Cervical cancer is the second most common cancer in women worldwide, despite many steps taken to reduce disease burden in past decades [
1]. Infection with HPV subtypes such as HPV 16, 18, 31, and 33 greatly increases the risk of cancer and plays a central role in the development of ~99.5 % of cervical cancers [
2]. The E6 and E7 oncoproteins have been shown to be main mediators of the development of HPV-induced cervical carcinoma [
3]. The cancer stem cell (CSC) hypothesis states that a tumor has a hierarchical cellular structure in which only a small subpopulation, referred to as cancer stem cells, is capable of tumorigenesis [
4]. CSCs possess stem cell-like properties of self-renewal and can differentiate into non-stem tumor cells. CSCs have been reported in multiple types of solid tumor and in cultured cancer cell lines, including brain, breast, colon prostate, and cervical cancer cell lines [
5]. CSCs have been identified and characterized in cervical cancer cell lines, but there are hardly any reports of CSCs in samples from patients with cervical cancer [
6]. ALDH, CD133, and Sox2 have been identified as the first putative CSC markers in human cervical carcinoma [
6]. A study demonstrated the use of CD44 and cytokeratin 17 cell surface markers to enrich a cervical CSC population [
3]. Further, another investigation revealed that an enriched cervical cancer cellular pool possesses tumorigenic capacity and expresses stemness-related genes (
Oct-3/4 and
Sox2) [
7]. Moreover, CSCs are responsible for cancer recurrence. Based on these reports, further cancer therapies might focus on the elimination of CSCs [
8]. Moreover, epithelial-to-mesenchymal transition (EMT) is a major cause of CSC progression and differentiation [
9]. Hence, development of innovative therapeutics is required. Herbal medicines have been used to treat various diseases since ancient times in many Asian countries.
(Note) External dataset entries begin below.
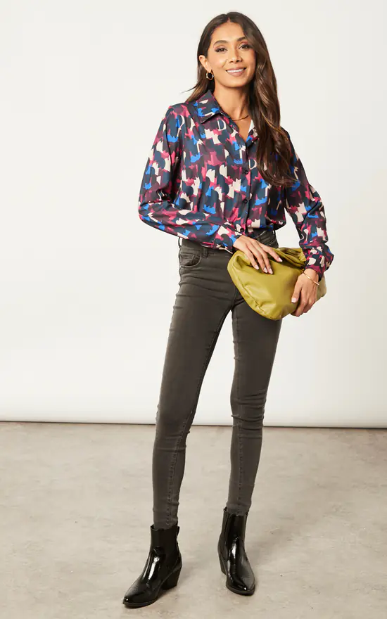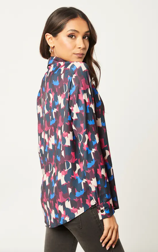 Long Sleeve Geometric print Shirt in Multicolour Fuchsia Pink/Blue. Classic shirt in trendy and stylish bright print. Good for all occasions: work, casual drinks, going out, party, weekend walk, etc.
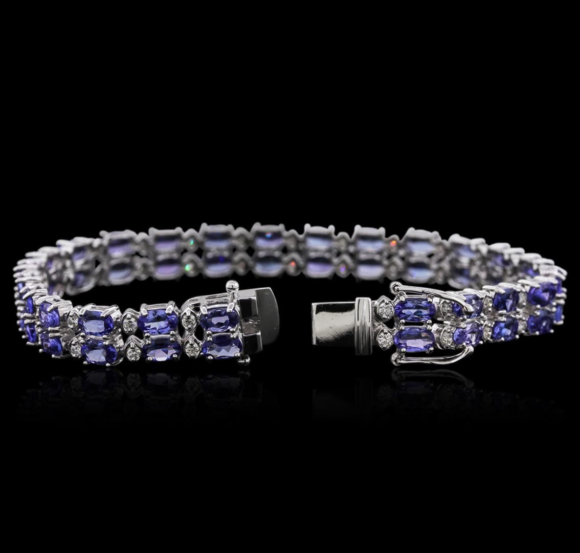 One electronically tested 14KT white gold ladies cast tanzanite and diamond bracelet with a hidden box clasp with safety closer with a bright polish finish. Measurements: 7" in length Identified with markings of "14K". Condition is new. Containing: Forty-eight prong set oval modified brilliant cut natural tanzanites, measuring 5.00 x 3.00 x 1.95mm, approximate total weight of 11.90ct., clarity is eye clean, type I, medium light, very slightly grayish, violet color, (GIA V 4/3), cut is good. Forty-Eight prong set round brilliant cut diamonds, measuring 1.50 - 1.50 x 0.90mm (depth est.) approximate total weight of 48 Stones = 0.95ct. Clarity: SI-1 to SI-2. Color: H - I, Cut is Good. Colored gemstones are presumed to have been subjected to commonly used enhancement processes. All diamonds and colored gemstones are graded in the mounting, unless otherwise stated. Total Weight of Colored Stones 11.90ct. Total Weight of Diamonds 0.95ct. Total Weight of Bracelet 17.50 grams. GGL Appraised at $8,415.00.
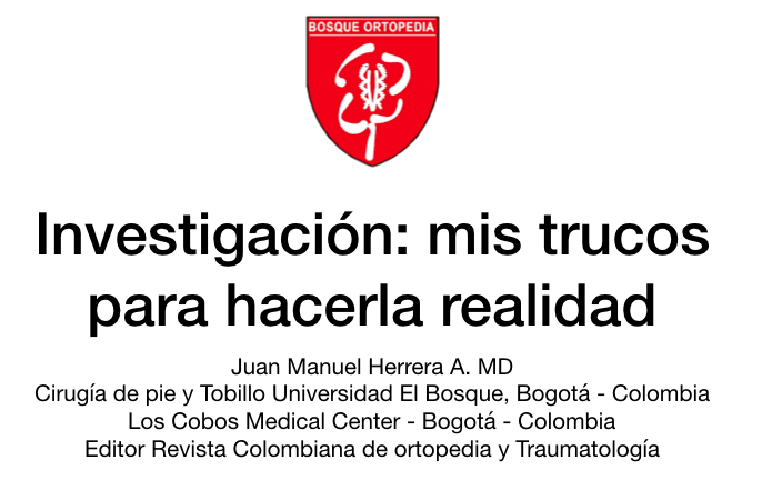 • 48vo Congreso Nacional SCCOT. Litotripcia Extracorporea con Ondas de Choque en el manejo de Fracturas por Stress de la Tibia en Deportistas. Bogotá, Abril 30 – Mayo 3 del 2003 • 48vo Congreso Nacional SCCOT. Litotripcia Extracorporea con Ondas de Choque para el aflojamiento de las interfases Cemento – Hueso, Cemento – Prótesis. Un modelo Experimental en Cadáveres. Bogotá, Abril 30 – Mayo 3 de 2003 - IV Curso Bienal de Ciencias Básicas. Sociedad Colombiana de Cirugía Ortopédica y Traumatología. Biología Molecular del Condrocito. Bogotá, Agosto 15 – 16 de 2003. - Conceptos Actuales en rehabilitación de Hombro. ASCOFI. Litotripcia Extracorporea con Ondas de choque para el manejo de la tendinitis calcificada del hombro. Bogota, Marzo 26 de 2004 • - 49VO Congreso Nacional SCCOT. Litotripcia extracorporea con Ondas de Choque en medicina deportiva. Cartagena. Abril 28 - Mayo1 de 2004. • Técnicas ortopedicas del Futuro. Bienal Bosque Ortopedia. Factores de crecimiento autologos en Ortopedia. Bogota, Julio 30-31 de 2004. • VIII Curso de Actualizacion en Ortopedia y Traumatología Colsanitas – Sociedad Colombiana de Cirugía Ortopédica y Traumatología. Ondas de Choque y Biocirugia en el manejo de la Epicondilitis. Bogotá, Noviembre 5-6 de 2004. • 50vo Congreso de la Sociedad Chilena de Medicina Deportiva y 2do Congreso Latinoamericano de Traumatología Deportiva. Factores de Crecimiento Autólogos en Cirugía Artroscópica de Rodilla. Santiago – Chile. Julio 22 de 2005. • 50vo Congreso de la Sociedad Chilena de Medicina Deportiva y 2do Congreso Latinoamericano de Traumatología Deportiva. Estado actual de las Ondas de Choque en Ortopedia Deportiva. Santiago – Chile. Julio de 2005. • 50vo Congreso de la Sociedad Chilena de Medicina Deportiva y 2do Congreso Latinoamericano de Traumatología Deportiva. Ondas de Choque en fracturas por Estrés. Santiago – Chile. Julio de 2005. • 50vo Congreso de la Sociedad Chilena de Medicina Deportiva y 2do Congreso Latinoamericano de Traumatología Deportiva. Retorno deportivo en Fracturas por Etrés. Santiago de Chile. Julio de 2005. • II Jornada de Actualización de Instrumentación Quirúrgica Fundación Tecnológica Autónoma de Bogota-Universidad de Santander. Bogotá. Octubre 29 de 2005. • PRIMER CONGRESO ECUATORIANO DE MEDICINA Y FUTBOL. FEDERACION ECUATORIANA DE FUTBOL. Lesiones de tobillo. Quito. Agosto 31 de 2006 • PRIMER CONGRESO ECUATORIANO DE MEDICINA Y FUTBOL. FEDERACION ECUATORIANA DE FUTBOL. Diagnostico de lesiones de hombro. Quito. Agosto 31 de 2006 • VI curso bienal Bosque Ortopedia. Universidad El Bosque. Artroplastia de Tobillo. Bogotá. Agosto 2007. • Capitulo de Pie y Tobillo. Sociedad Colombiana de Cirugía Ortopedica y Traumatologia. Biomecanica de las artroplastias de Tobillo. Bogotá. Noviembre 2007 • Curso de Ortopedia y Futbol II. Universidad El Bosque. Tendones biarticulares en el tobillo. El peligro de Infiltrarlos. Bogotá. Agosto 2008 • Sociedad Antioqueña de Ortopedia y traumatología. Curso estado del arte en protesis total de tobillo. Porque Sí Artroplastia de tobillo. Medellin. Agosto 23 de 2008 • Artroplastia de Tobillo. Jornadas Cientificas Hospital Metropolitano. Quito-Ecuador. Septiembre de 2008 • XIV Curso anual de actualización de residentes de Medicina Fisica y Rehabilitación. Rehabilitación Ortopedica. Universidad El Bosque. Bogotá. Septiembre de 2008 • En que estamos en el mundo de la Artroplastia de Tobillo. Jornadas Cientificas Hospital Metropolitano. Quito-Ecuador. Abril de 2009 • Indización de Revistas Médicas. 1er Encuentro Ibero Latino Americano de editroes de revistas de Ortopedia y Traumatología. Mayo de 2012. • La exogamia en las publicaciones médicas indizadas. 1er Encuentro Ibero Latino Americano de editroes de revistas de Ortopedia y Traumatología. Mayo de 2012. • Requerimientos editoriales para la indización de Revista Médicas. 1er Encuentro Ibero Latino Americano de editroes de revistas de Ortopedia y Traumatología. Mayo de 2012. • Clasificaciones en Pie diabético. Curso Bienal Bosque Ortopedia “Diego Jimenez”. Agosto de 2012 • Artroplastia de la articulacion Metatarso Falángica del Hallux. Curso Bienal Bosque Ortopedia “Diego Jimenez”. Agosto de 2012 • Conferencista Curso: La ortopedia para el Médico General “una Visión Práctica”. Sociedad Colombiana de Cirugía Ortopédica y Traumatología Seccional Capital. Octubre 20 de 2012 • Como publicar Artículos científicos. Encuentro nacional de residentes. Sociedad Colombiana de Cirugía Ortopédica y Traumatología. Bogotá, Noviembre de 2012. • Clasificación y biomecánica de las Artrosis de Tobillo. Curso de instrucción en reemplazos articulares. Sociedad Ecuatroiana de Ortopedia y Traumatología (SEOT). Quito-Ecuador, Abril de 2013 • Biomecánica de las Prótesis de Tobillo. Curso de instrucción en reemplazos articulares. Sociedad Ecuatroiana de Ortopedia y Traumatología (SEOT). Quito-Ecuador Abril de 2013 • Manejo postoperatorio de las artroplastias de tobillo. Curso de instrucción en reemplazos articulares. Sociedad Ecuatroiana de Ortopedia y Traumatología (SEOT). Quito-Ecuador Abril de 2013 • Nuevas tendencias en la instrumentación de las prótesis articulares de Tobillo. Curso de instrucción en reemplazos articulares. Sociedad Ecuatroiana de Ortopedia y Traumatología (SEOT). Quito-Ecuador Abril de 2013 • Reemplazo de la Articulación Metatarso Falángica del Hallux. Curso de instrucción en reemplazos articulares. Sociedad Ecuatroiana de Ortopedia y Traumatología (SEOT). Quito-Ecuador. Abril de 2013 • Profesor invitado. Como escribir literatura médica. XXVII Jornada Nacional de Ortopedia. 58 Reunion anual. Colegio Mexicano de Ortopedia y Traumatología AC. Acapulco – México. 1-5 de Mayo de 2013. • Profesor Invitado. Como Publicar un artículo científico. XXVII Jornada Nacional de Ortopedia. 58 Reunion anual. 
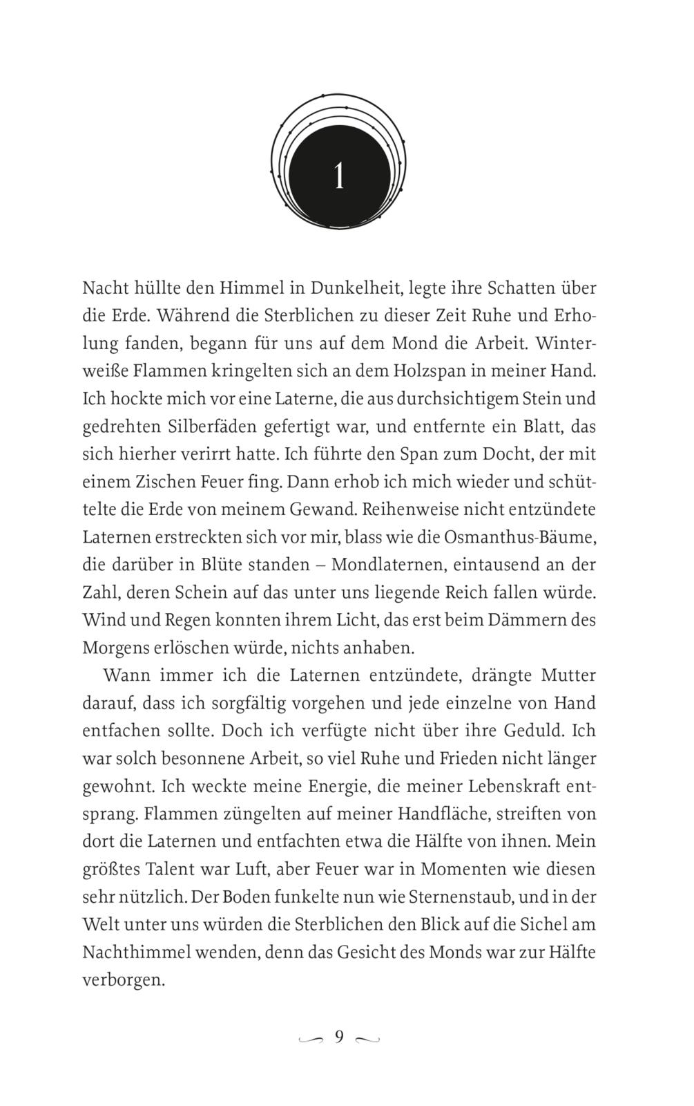 Nachdem Xingyin ihre Mutter, die Mondgöttin, befreit hat, kehren beide nach Hause zurück. Doch die Ruhe und der Frieden sind trügerisch, denn der Himmlische Kaiser verfolgt seinen Machtanspruch mit harter Hand, und schon bald muss Xingyin den Mond erneut verlassen. Zusammen mit ihren Gefährt*innen bricht sie auf in unbekannte Länder, wo sie sagenumwobenen Geschöpfen, kampfbereiten Königen, lieb gewonnenen Freunden und erbitterten Feinden begegnet. Xingyin hat keine Wahl, sie muss sich dem Bösen entgegenstellen, ehe es alles zerstört, was sie liebt, auch wenn der Preis dafür unerträglich scheint.
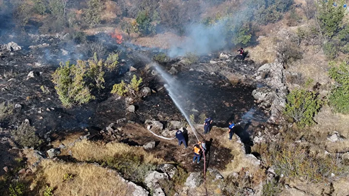 Ateşin rüzgarın etkisiyle çalılık alana sıçraması üzerine bölgeye polis ve itfaiye ekipleri sevk edildi.

Herbal medicines are extracted from traditional Asian medical plants and have therapeutic activities against cancers, angiogenesis, and metastasis in the absence of observable in vivo side effects [
10]. Previously we reported that A1E, an extract formulated from 11 Asian traditional medicinal plants, consists of several compounds that target pathways such as the E6 and E7 pathway and mitochondrial intrinsic pathway. A1E inhibits E6 and E7 oncogenes and induces intrinsic apoptosis via p53/pRb dependent pathways and a mitochondria-mediated pathway [
11]. Furthermore, A1E induces apoptosis via activation of both extrinsic and intrinsic pathways and the inhibition of PI3K/Akt survival signaling pathways in lung cancer cells [
12]. Based on these data, we investigated whether A1E can regulate EMT, CSC self-renewal, and stemness-related gene expression in cervical cancer cells. Our data suggest that A1E can inhibit CSCs and reduce the expression of stemness markers. Treating CSCs with A1E may be a potential therapy for cervical cancer.